What I have done so far is:
Step 1: Determine which AssociatedEntityID and AssociatedEntityType pairs have duplicates and insert them into a temp table:
create table ##stage1 (ID int, AssociatedEntityID int, AssociatedEntityType int, [Timestamp] datetime)
insert into ##stage1 (AssociatedEntityID, AssociatedEntityType)
(select AssociatedEntityID, AssociatedEntityType from tblHBMLog group by AssociatedEntityID, AssociatedEntityType having COUNT(*) > 1)
Step 2: Retrieve the ID of the earliest occurring row with a given AssociatedEntityID and AssociatedEntityType pair:
declare curStage1 cursor for
select AssociatedEntityID, AssociatedEntityType from ##stage1
open curStage1
fetch next from curStage1 into #AssocEntity, #AssocType
while ##FETCH_STATUS = 0
begin
select top 1 #ID = ID, #Timestamp = [Timestamp] from tblHBMLog where AssociatedEntityID = #AssocEntity and AssociatedEntityType = #AssocType order by [Timestamp] asc
update ##stage1 set ID = #ID, [Timestamp] = #Timestamp where AssociatedEntityID = #AssocEntity and AssociatedEntityType = #AssocType
end
And this is where things slow down again.
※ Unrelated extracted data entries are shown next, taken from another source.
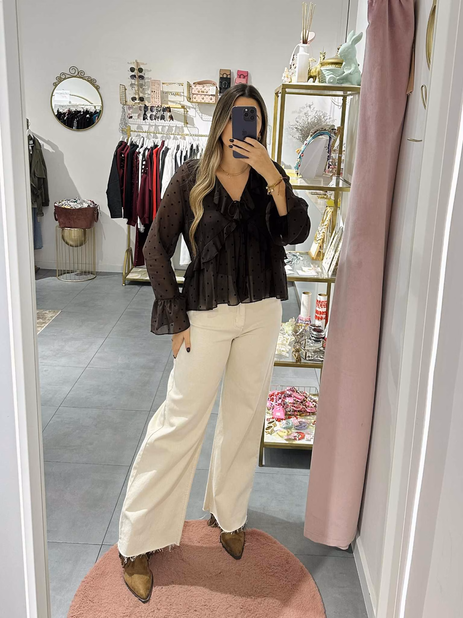 Início  /  Loja  /  Camisas & Blusas, Coleção  /  Blusa Pintinhas Castanha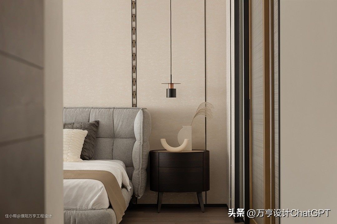 融合现代简约的法式线条与个性手工质感的深胡桃木雕刻,通过多材质的巧妙碰撞,在空间中追求美学平衡。低饱和度的配色,结合各种元素的运用,赋予空间一种韵律感,体现了舒适悠闲之情。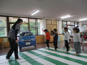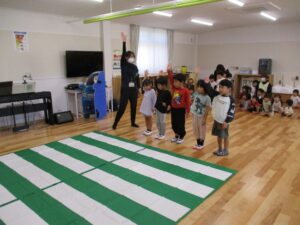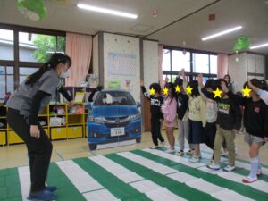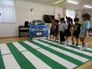 地域の方々と合同で交通安全教室を実施しました。横断歩道の渡り方では、園児に教えていただきながら一緒に渡ったり、交通安全体操も楽しく参加していただきました。

Now, granted, the result set has been pared down from ~17 million to just under 400,000, but it is still taking quite a long time to run through.
I guess another question that I should ask is this; If I continue to write this in SQL will it just have to take quite a long time? Should I write this in C# instead? Or am I just stupid and not seeing the forest for the trees of this solution?
Well, after much stomping of feet and gnashing of teeth, I have come up with a solution. It's just a simple, quick and dirty C# command line app, but it's faster than the sql script and it does the job.
I thank you all for your help, in the end the sql script was just taking too much time to execute and C# is much better suited for looping.